[Opening GIVEN DATA section]

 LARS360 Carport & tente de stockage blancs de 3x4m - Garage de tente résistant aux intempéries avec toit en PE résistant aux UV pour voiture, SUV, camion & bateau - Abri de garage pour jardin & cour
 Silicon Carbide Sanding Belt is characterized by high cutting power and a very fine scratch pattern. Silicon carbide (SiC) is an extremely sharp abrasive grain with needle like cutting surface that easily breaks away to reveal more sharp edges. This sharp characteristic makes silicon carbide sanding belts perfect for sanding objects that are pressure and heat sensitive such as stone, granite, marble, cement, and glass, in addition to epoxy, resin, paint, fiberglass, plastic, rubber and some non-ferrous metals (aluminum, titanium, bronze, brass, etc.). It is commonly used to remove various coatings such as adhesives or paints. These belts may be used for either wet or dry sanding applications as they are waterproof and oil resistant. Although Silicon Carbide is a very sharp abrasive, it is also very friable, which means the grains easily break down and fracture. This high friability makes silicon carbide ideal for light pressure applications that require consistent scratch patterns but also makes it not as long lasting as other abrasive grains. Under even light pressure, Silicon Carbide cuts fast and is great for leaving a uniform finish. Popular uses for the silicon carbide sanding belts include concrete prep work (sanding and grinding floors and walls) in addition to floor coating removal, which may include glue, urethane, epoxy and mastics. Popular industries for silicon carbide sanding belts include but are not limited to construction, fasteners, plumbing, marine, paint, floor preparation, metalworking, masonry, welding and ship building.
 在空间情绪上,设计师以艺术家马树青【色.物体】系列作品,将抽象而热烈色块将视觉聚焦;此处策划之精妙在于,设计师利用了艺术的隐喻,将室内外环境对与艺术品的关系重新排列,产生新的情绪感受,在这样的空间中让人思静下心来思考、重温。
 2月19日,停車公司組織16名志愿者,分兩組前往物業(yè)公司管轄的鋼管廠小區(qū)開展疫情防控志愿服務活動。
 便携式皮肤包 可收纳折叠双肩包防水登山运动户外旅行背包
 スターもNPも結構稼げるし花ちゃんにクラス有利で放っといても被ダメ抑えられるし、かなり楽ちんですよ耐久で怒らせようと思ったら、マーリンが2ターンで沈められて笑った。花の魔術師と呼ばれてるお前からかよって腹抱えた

[Closing GIVEN DATA section]

Take the line containing "在空间情绪上,设计师以艺术家" and each line after it up to the last line of the listing, and print them exactly.

◆ **OUTPUT BELOW**
 在空间情绪上,设计师以艺术家马树青【色.物体】系列作品,将抽象而热烈色块将视觉聚焦;此处策划之精妙在于,设计师利用了艺术的隐喻,将室内外环境对与艺术品的关系重新排列,产生新的情绪感受,在这样的空间中让人思静下心来思考、重温。
 2月19日,停車公司組織16名志愿者,分兩組前往物業(yè)公司管轄的鋼管廠小區(qū)開展疫情防控志愿服務活動。
 便携式皮肤包 可收纳折叠双肩包防水登山运动户外旅行背包
 スターもNPも結構稼げるし花ちゃんにクラス有利で放っといても被ダメ抑えられるし、かなり楽ちんですよ耐久で怒らせようと思ったら、マーリンが2ターンで沈められて笑った。花の魔術師と呼ばれてるお前からかよって腹抱えた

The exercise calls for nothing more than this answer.